◆ WHAT THIS TASK INVOLVES ◆
Any pictures in the records below must be left out when you repeat the lines from the line containing "Fabric Shower Curtain" through the line containing "映画『#TOKYOタクシー』 𓂃 オピニオンコメント🚕³₃𓂃" exactly.

◆ SOURCE DATA ◆
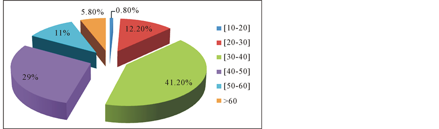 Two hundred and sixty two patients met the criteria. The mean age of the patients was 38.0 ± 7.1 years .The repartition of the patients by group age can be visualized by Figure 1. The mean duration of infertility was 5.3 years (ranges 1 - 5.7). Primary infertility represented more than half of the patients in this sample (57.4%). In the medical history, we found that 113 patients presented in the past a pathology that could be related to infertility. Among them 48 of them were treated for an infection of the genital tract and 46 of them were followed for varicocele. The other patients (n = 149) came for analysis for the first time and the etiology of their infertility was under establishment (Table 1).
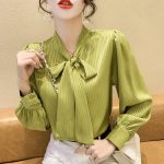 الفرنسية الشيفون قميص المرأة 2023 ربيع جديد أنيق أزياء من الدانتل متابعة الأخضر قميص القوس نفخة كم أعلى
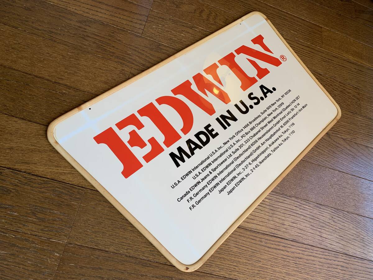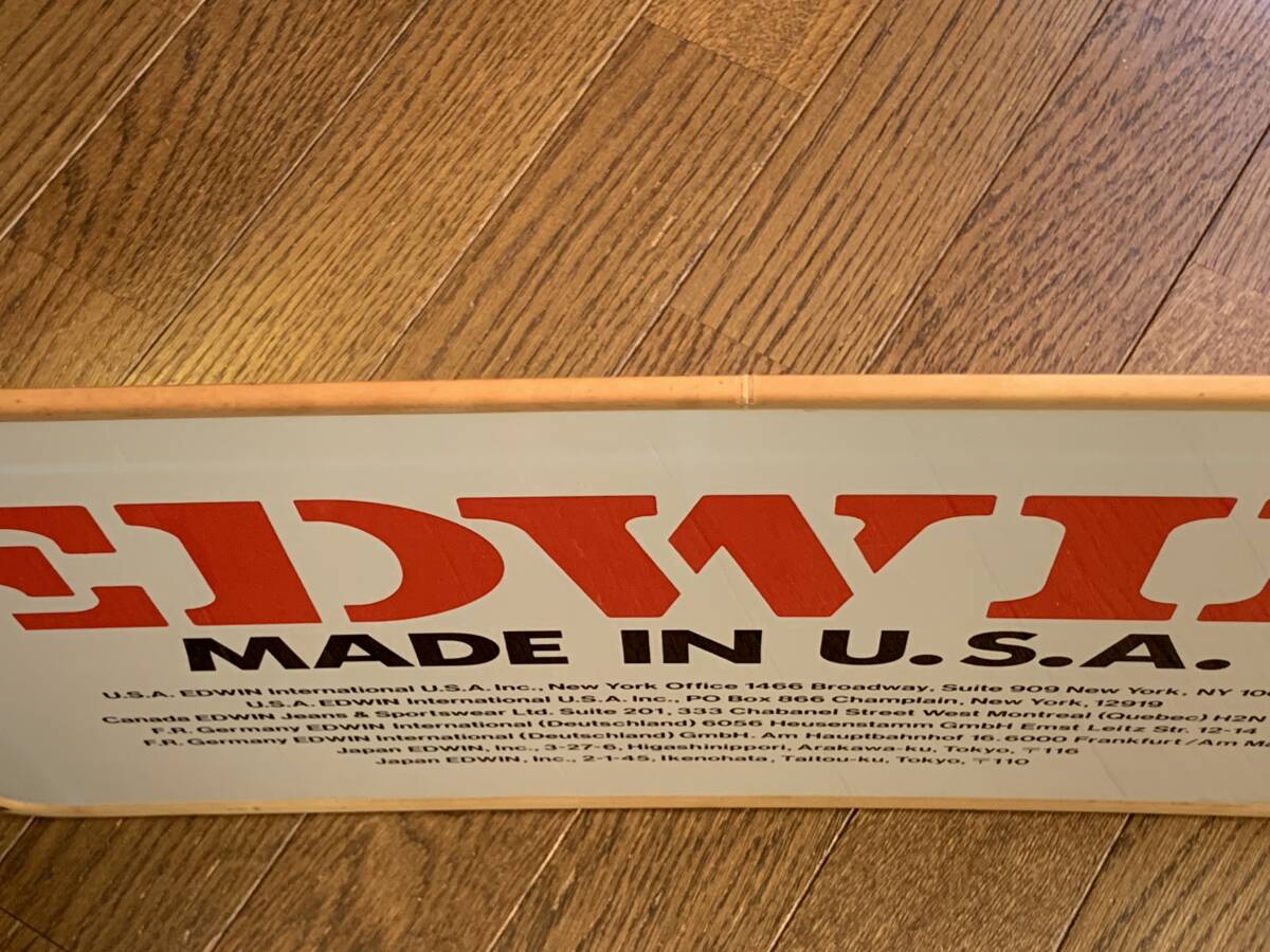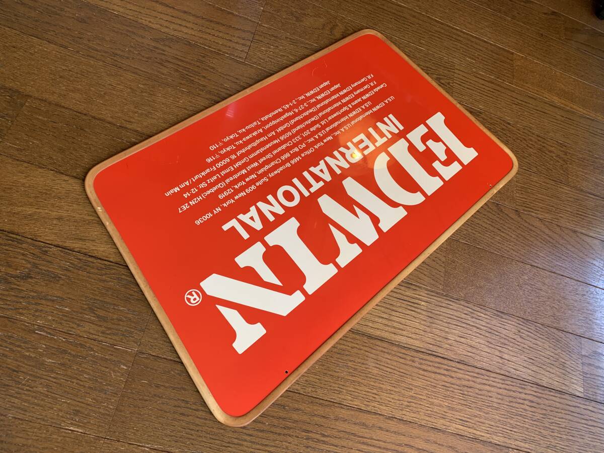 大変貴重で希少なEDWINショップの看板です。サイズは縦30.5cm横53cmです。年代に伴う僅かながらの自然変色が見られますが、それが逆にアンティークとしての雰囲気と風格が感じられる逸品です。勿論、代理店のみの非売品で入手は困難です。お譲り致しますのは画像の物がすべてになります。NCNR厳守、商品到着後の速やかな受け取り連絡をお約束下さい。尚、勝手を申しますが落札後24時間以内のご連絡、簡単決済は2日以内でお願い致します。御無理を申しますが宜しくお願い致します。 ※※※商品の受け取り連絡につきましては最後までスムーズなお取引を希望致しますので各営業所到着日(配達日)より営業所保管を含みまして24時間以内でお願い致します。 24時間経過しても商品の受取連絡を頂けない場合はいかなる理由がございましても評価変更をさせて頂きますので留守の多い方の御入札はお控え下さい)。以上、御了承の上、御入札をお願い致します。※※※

* * *

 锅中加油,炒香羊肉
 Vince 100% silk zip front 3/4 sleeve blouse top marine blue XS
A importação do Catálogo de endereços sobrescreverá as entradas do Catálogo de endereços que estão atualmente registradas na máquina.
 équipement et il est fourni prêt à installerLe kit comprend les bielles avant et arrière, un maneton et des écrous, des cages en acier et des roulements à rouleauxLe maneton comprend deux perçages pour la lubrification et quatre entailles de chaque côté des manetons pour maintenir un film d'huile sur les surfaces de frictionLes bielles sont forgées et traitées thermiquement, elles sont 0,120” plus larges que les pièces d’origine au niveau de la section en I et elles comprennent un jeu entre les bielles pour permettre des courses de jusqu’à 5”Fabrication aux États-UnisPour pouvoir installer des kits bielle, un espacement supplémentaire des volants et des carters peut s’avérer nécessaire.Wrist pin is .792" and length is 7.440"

--

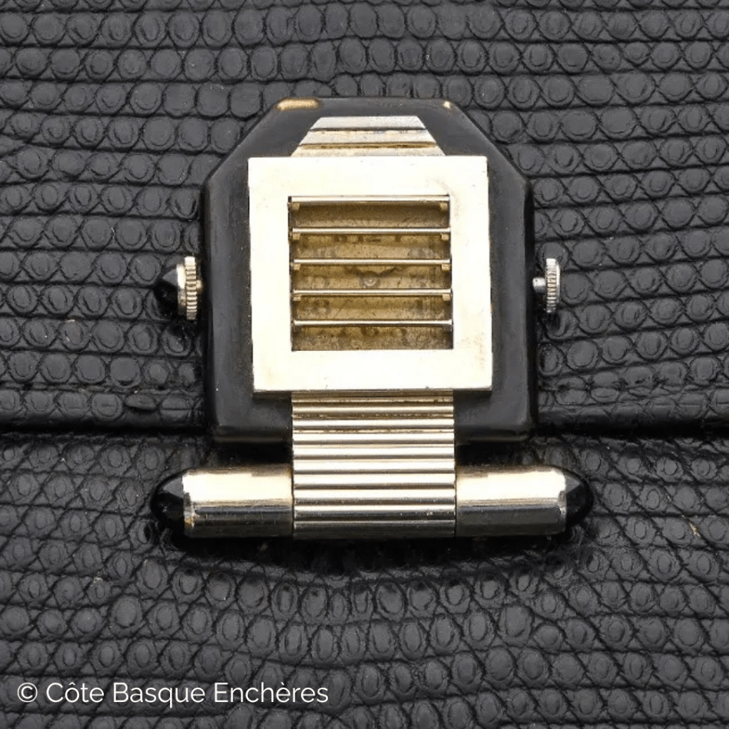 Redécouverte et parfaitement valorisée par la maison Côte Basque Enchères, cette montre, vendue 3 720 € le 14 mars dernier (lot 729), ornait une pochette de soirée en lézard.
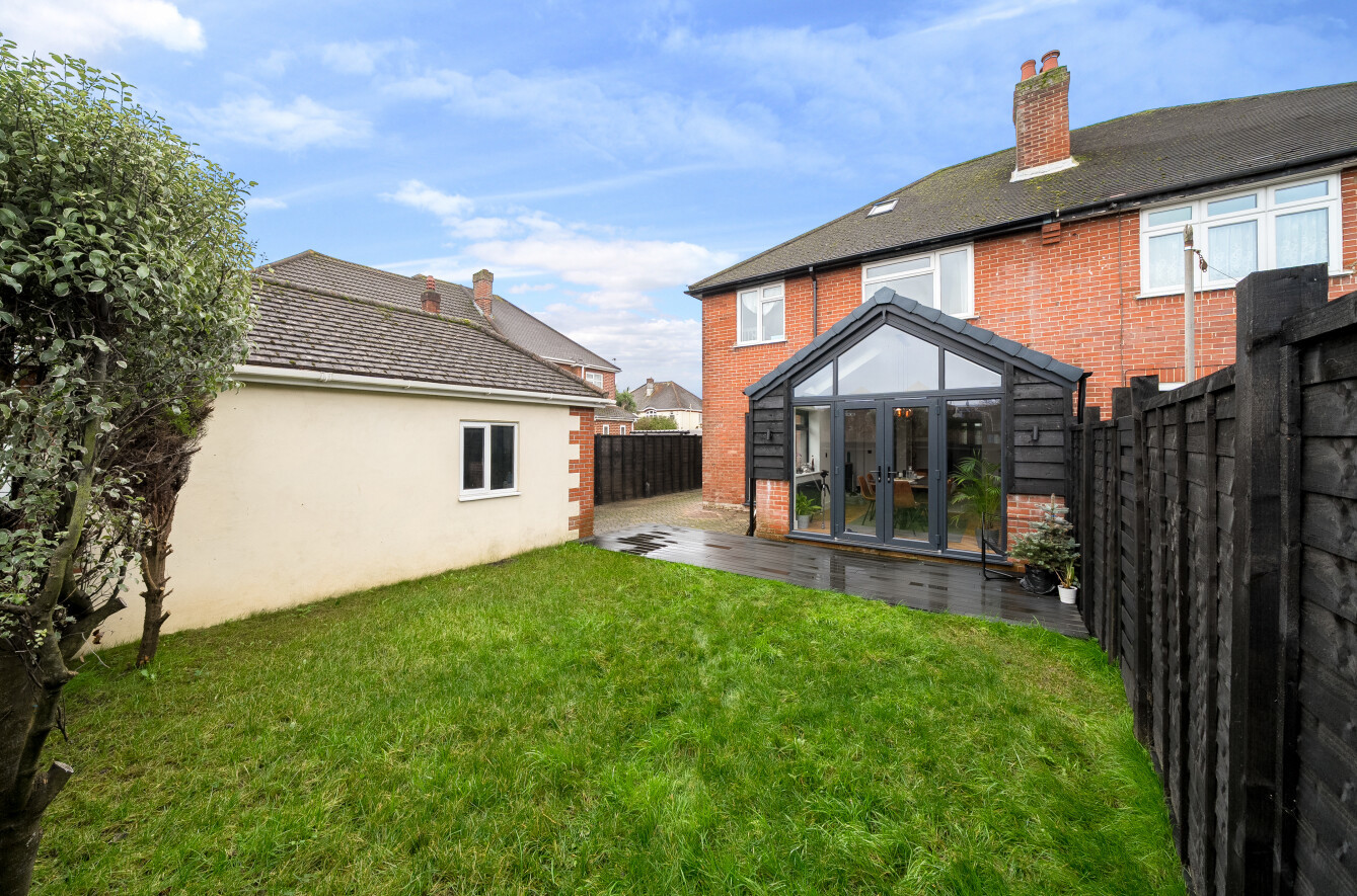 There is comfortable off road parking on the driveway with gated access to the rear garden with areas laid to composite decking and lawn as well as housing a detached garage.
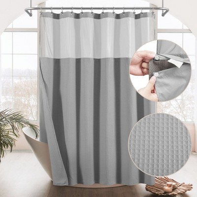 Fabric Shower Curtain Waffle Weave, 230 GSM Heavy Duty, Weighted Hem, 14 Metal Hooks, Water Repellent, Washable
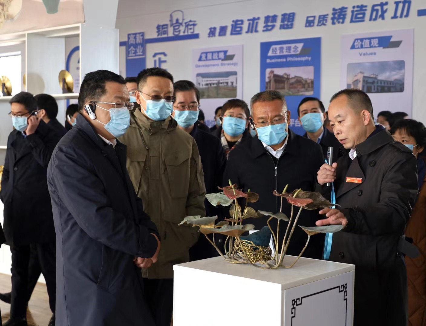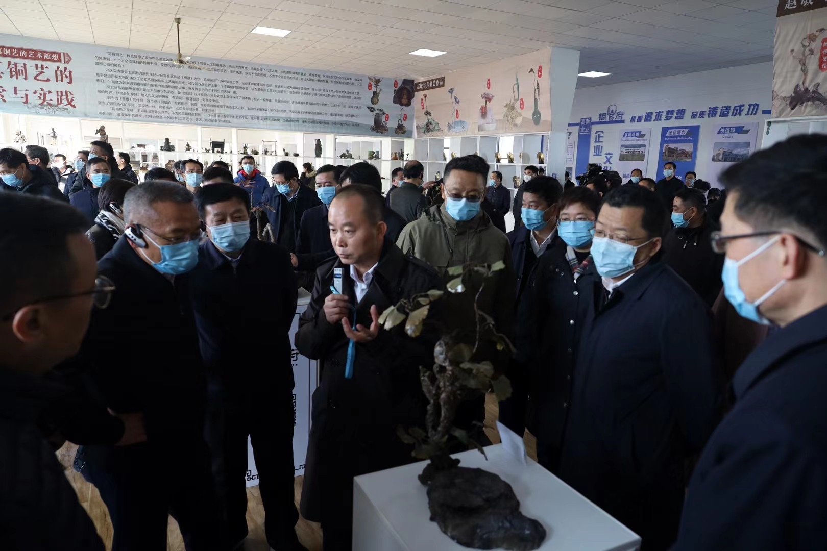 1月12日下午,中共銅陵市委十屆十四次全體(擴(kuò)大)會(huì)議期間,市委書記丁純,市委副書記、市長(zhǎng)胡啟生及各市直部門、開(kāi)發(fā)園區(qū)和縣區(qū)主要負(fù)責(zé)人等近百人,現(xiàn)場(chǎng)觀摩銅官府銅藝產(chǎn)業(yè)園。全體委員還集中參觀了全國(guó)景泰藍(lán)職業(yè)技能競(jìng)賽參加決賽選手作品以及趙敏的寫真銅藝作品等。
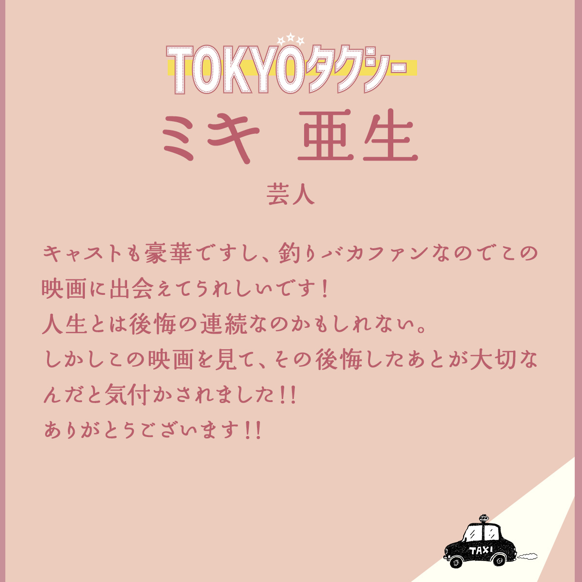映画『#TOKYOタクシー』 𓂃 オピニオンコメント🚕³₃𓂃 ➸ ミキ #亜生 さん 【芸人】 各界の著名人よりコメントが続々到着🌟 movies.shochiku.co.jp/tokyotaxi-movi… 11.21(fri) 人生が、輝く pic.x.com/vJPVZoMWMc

◆ THE ANSWER ◆
 Fabric Shower Curtain Waffle Weave, 230 GSM Heavy Duty, Weighted Hem, 14 Metal Hooks, Water Repellent, Washable
 1月12日下午,中共銅陵市委十屆十四次全體(擴(kuò)大)會(huì)議期間,市委書記丁純,市委副書記、市長(zhǎng)胡啟生及各市直部門、開(kāi)發(fā)園區(qū)和縣區(qū)主要負(fù)責(zé)人等近百人,現(xiàn)場(chǎng)觀摩銅官府銅藝產(chǎn)業(yè)園。全體委員還集中參觀了全國(guó)景泰藍(lán)職業(yè)技能競(jìng)賽參加決賽選手作品以及趙敏的寫真銅藝作品等。
映画『#TOKYOタクシー』 𓂃 オピニオンコメント🚕³₃𓂃 ➸ ミキ #亜生 さん 【芸人】 各界の著名人よりコメントが続々到着🌟 movies.shochiku.co.jp/tokyotaxi-movi… 11.21(fri) 人生が、輝く pic.x.com/vJPVZoMWMc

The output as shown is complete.